● **ASSIGNMENT**: Please repeat, exactly and without pictures, the lines of the entries below that run from the one containing "ʿAhd-i ʿatîk ve ʿAhd-i cedîdin Fihristi" through the one containing "McGowan - White".

● **PROVIDED RECORDS**:
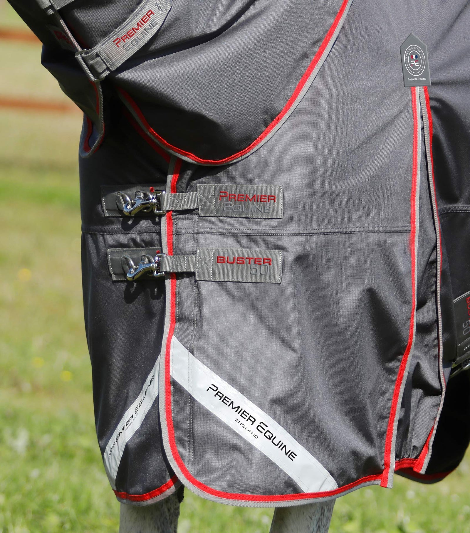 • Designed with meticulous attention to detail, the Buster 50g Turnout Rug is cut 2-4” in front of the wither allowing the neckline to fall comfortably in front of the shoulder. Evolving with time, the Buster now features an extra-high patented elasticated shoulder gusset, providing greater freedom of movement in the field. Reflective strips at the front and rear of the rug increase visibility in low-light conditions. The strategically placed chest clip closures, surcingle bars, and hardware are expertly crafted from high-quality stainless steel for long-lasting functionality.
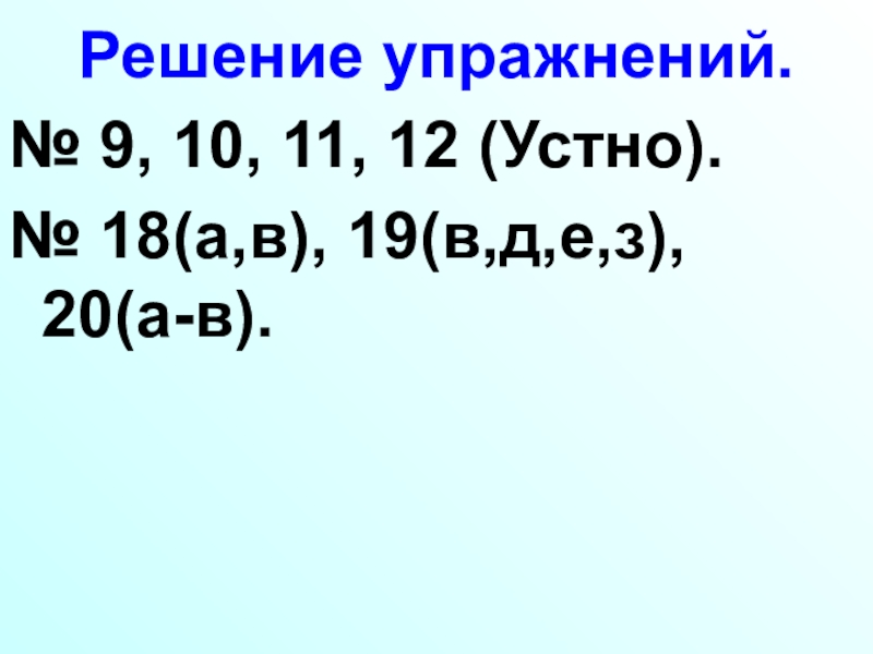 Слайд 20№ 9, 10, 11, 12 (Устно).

==

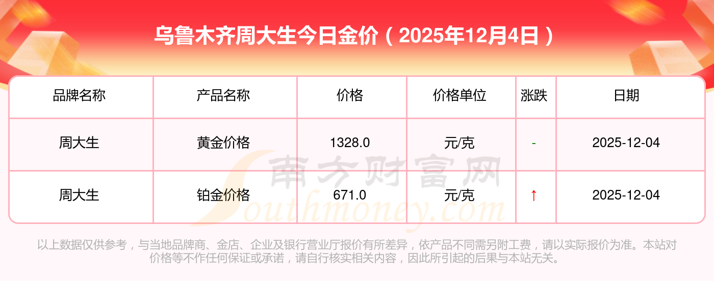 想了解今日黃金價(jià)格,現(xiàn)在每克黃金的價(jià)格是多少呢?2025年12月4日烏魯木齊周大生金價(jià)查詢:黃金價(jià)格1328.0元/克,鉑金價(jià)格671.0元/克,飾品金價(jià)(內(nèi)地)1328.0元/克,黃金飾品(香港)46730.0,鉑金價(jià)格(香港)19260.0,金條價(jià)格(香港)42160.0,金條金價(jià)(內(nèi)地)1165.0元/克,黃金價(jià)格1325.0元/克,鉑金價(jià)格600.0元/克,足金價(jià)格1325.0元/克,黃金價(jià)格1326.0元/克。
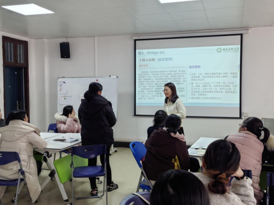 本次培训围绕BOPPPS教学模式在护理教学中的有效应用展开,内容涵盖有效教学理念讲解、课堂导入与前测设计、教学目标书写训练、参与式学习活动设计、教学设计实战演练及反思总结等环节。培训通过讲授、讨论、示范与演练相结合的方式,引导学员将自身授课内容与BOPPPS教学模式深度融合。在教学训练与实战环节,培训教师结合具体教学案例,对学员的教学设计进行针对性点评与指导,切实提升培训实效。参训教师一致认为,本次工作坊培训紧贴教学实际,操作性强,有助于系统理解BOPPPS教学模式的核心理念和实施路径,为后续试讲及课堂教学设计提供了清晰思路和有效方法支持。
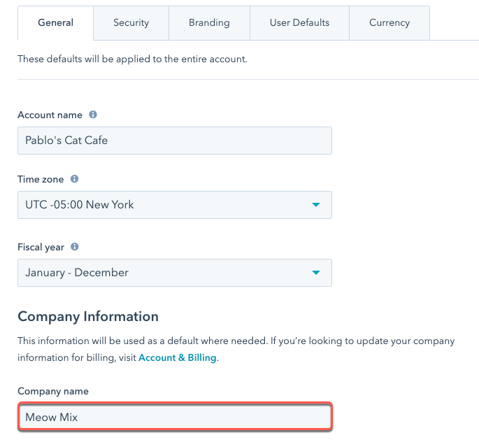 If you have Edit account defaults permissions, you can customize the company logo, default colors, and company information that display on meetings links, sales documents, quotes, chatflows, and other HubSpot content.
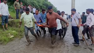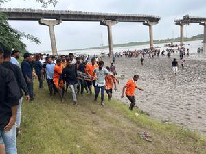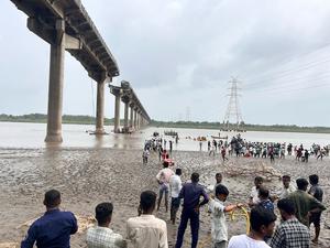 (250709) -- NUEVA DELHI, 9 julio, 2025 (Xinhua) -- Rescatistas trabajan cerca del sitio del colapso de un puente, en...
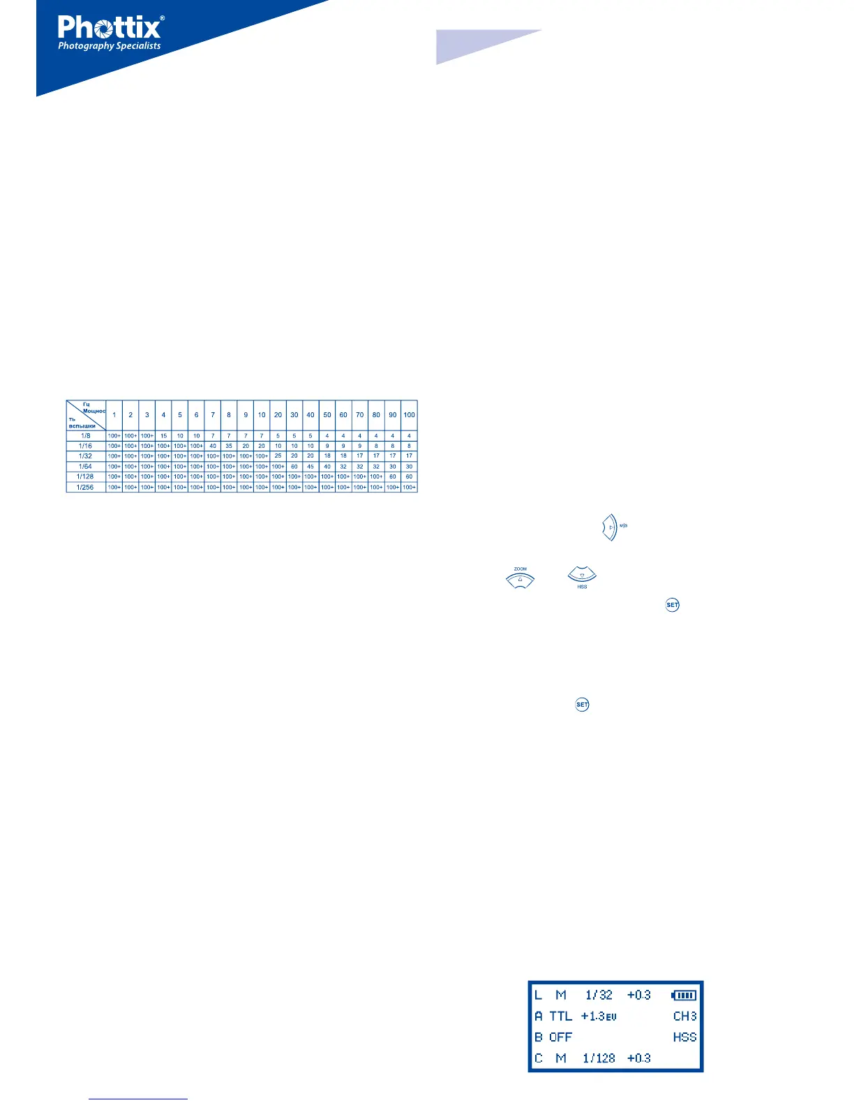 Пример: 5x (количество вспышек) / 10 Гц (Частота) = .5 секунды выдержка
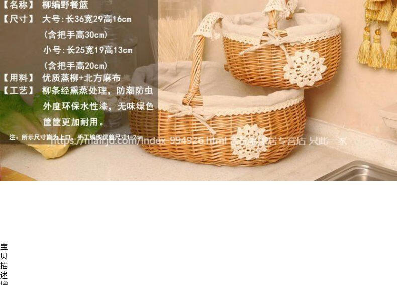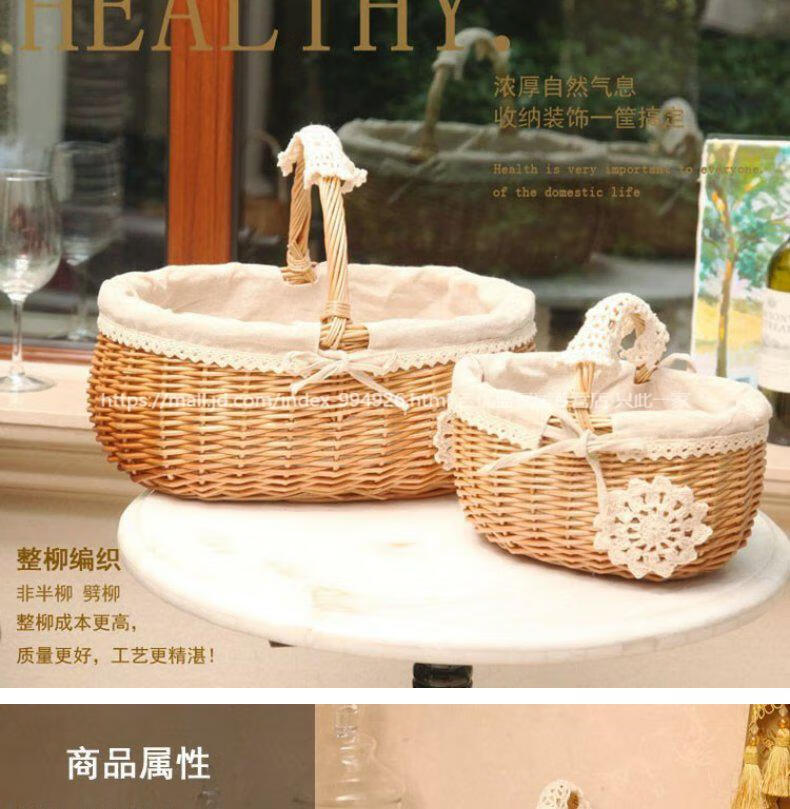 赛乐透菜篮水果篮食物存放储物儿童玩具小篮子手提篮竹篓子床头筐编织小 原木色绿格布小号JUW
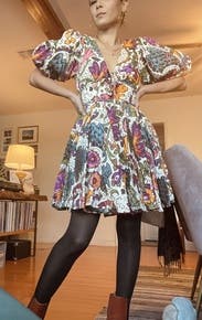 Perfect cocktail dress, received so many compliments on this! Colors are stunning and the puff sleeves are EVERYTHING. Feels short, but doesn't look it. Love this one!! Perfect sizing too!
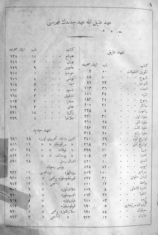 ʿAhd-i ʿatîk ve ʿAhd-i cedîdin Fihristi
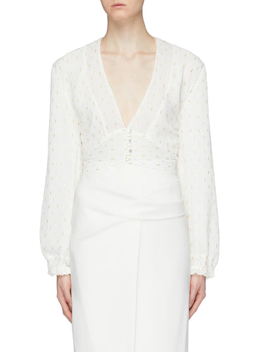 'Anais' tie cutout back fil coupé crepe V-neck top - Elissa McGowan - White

● **RESPONSE TO THIS TASK**:
 ʿAhd-i ʿatîk ve ʿAhd-i cedîdin Fihristi
 'Anais' tie cutout back fil coupé crepe V-neck top - Elissa McGowan - White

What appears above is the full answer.